- GIVEN RECORDS -
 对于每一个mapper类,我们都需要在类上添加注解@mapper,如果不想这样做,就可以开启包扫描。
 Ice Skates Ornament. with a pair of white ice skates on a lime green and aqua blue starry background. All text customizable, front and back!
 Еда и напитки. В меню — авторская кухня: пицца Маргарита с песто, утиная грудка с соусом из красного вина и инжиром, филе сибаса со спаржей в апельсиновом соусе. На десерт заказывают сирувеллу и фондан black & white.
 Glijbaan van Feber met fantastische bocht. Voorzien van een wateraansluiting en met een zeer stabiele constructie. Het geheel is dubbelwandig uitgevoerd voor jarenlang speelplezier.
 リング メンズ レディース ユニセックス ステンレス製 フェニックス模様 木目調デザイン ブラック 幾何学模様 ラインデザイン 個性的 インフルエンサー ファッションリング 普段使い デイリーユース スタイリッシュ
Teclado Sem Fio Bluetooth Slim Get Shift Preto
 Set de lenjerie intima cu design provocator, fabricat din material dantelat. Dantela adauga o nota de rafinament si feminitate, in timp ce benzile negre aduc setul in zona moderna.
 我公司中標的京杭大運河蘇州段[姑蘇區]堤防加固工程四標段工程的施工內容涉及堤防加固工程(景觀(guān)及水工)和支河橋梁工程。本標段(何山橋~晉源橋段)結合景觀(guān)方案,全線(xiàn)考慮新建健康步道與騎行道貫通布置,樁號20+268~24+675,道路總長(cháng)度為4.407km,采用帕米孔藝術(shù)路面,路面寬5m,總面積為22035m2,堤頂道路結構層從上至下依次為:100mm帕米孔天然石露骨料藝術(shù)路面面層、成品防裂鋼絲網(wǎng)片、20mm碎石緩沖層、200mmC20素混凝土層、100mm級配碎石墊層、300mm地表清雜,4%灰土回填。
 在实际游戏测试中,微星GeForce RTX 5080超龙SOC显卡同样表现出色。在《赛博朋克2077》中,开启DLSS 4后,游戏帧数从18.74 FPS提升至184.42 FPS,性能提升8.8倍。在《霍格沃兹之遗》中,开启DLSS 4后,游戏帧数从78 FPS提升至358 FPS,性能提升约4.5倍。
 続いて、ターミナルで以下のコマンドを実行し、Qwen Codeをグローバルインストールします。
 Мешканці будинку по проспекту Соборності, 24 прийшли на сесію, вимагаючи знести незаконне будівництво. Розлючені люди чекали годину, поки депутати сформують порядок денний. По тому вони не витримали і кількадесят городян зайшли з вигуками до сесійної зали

...

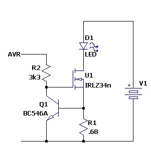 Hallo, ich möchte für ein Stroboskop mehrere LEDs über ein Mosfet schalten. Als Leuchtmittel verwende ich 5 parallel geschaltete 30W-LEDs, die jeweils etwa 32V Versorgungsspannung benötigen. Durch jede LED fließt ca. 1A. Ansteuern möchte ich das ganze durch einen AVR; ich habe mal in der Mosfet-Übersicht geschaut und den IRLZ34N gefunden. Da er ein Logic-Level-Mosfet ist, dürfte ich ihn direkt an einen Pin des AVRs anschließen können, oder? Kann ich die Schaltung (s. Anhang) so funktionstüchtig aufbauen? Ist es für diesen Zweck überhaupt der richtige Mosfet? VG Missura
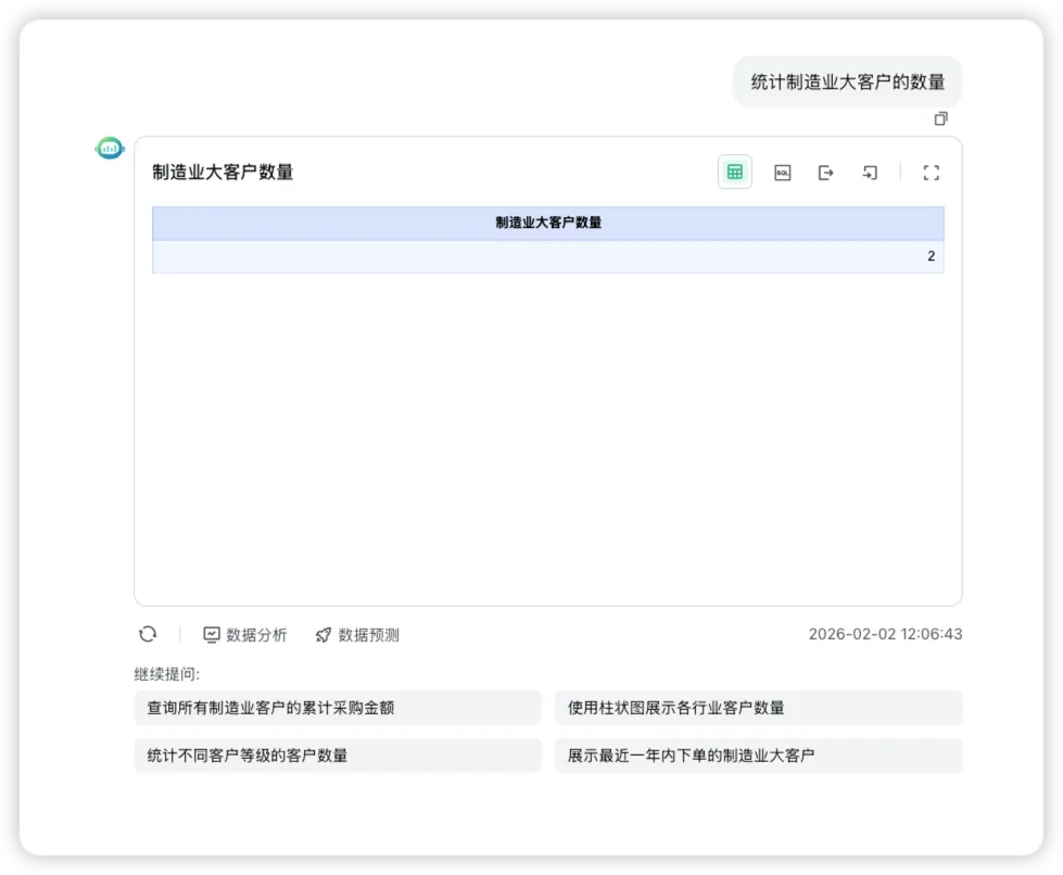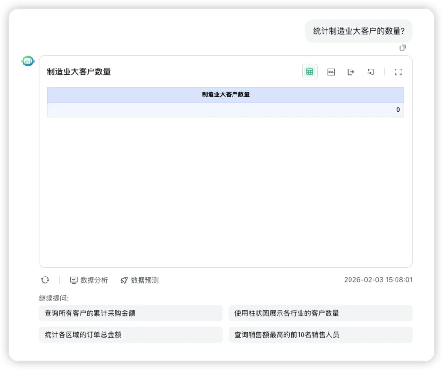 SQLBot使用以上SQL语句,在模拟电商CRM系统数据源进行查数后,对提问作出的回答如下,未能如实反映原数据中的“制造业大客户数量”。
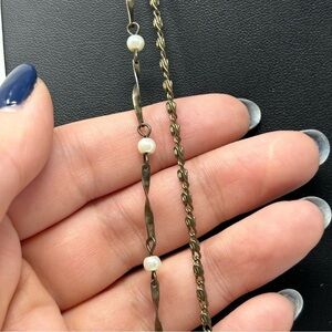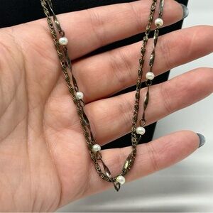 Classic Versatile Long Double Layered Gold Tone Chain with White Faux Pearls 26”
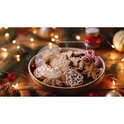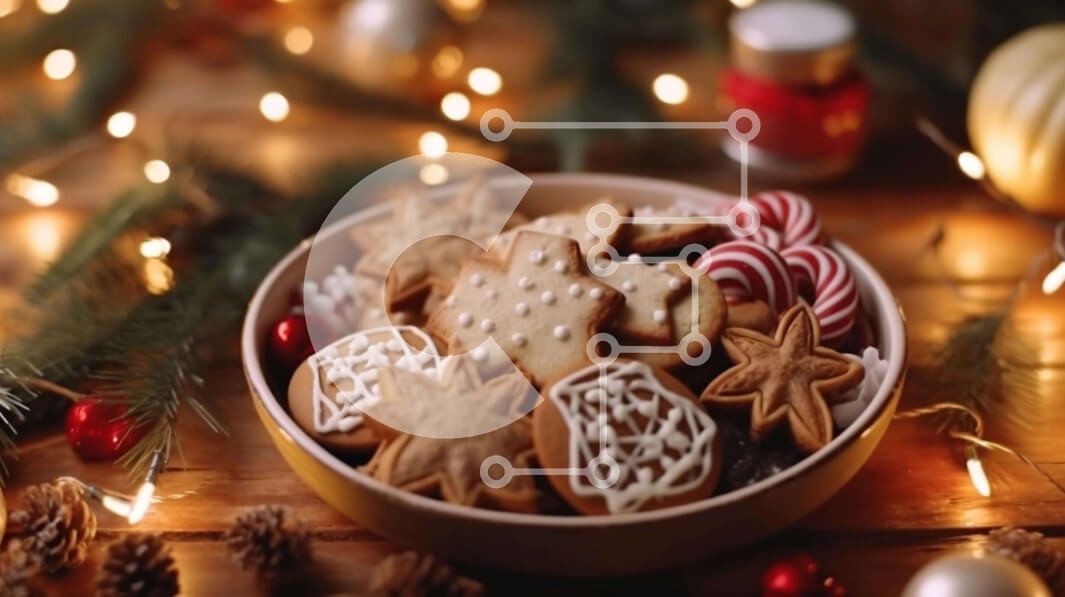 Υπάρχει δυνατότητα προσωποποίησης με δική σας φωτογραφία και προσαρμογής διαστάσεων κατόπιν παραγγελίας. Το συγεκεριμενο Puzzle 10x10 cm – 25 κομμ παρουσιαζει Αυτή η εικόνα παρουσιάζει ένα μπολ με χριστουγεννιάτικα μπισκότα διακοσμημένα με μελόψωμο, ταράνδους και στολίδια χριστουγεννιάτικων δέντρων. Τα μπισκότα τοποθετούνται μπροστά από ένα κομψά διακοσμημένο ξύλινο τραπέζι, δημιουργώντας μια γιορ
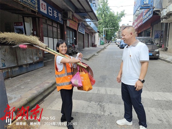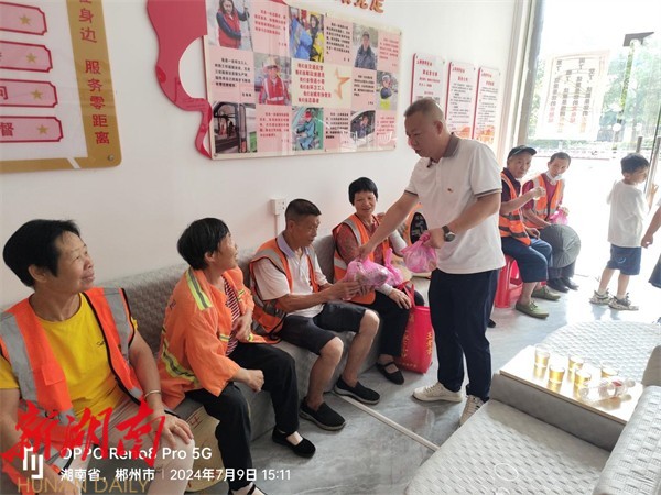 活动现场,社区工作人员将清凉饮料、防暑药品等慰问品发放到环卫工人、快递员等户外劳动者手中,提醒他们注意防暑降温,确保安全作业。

...

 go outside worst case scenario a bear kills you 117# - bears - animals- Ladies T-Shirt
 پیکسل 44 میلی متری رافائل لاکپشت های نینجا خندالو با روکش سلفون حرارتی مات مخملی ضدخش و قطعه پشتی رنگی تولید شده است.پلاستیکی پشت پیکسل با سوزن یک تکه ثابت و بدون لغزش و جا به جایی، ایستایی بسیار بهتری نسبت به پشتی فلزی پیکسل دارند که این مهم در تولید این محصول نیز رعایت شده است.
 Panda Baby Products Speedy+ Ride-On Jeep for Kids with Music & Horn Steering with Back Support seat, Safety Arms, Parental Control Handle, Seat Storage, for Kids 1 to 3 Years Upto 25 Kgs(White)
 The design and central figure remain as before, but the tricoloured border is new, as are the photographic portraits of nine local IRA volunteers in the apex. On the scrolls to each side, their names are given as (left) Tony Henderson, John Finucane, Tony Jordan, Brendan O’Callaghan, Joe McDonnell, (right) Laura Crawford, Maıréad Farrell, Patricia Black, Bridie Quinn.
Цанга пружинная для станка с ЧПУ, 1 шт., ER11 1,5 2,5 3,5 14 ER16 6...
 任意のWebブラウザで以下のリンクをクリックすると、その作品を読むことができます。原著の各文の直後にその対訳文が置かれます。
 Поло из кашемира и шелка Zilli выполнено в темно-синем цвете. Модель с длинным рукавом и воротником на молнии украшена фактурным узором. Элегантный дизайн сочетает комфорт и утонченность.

- REQUIRED WORK -
Only the lines above from the one with "Ice Skates Ornament." up to and including the one with "リング メンズ レディース" should be repeated, exactly as written.

- RESPONSE TO THE TASK -
 Ice Skates Ornament. with a pair of white ice skates on a lime green and aqua blue starry background. All text customizable, front and back!
 Еда и напитки. В меню — авторская кухня: пицца Маргарита с песто, утиная грудка с соусом из красного вина и инжиром, филе сибаса со спаржей в апельсиновом соусе. На десерт заказывают сирувеллу и фондан black & white.
 Glijbaan van Feber met fantastische bocht. Voorzien van een wateraansluiting en met een zeer stabiele constructie. Het geheel is dubbelwandig uitgevoerd voor jarenlang speelplezier.
 リング メンズ レディース ユニセックス ステンレス製 フェニックス模様 木目調デザイン ブラック 幾何学模様 ラインデザイン 個性的 インフルエンサー ファッションリング 普段使い デイリーユース スタイリッシュ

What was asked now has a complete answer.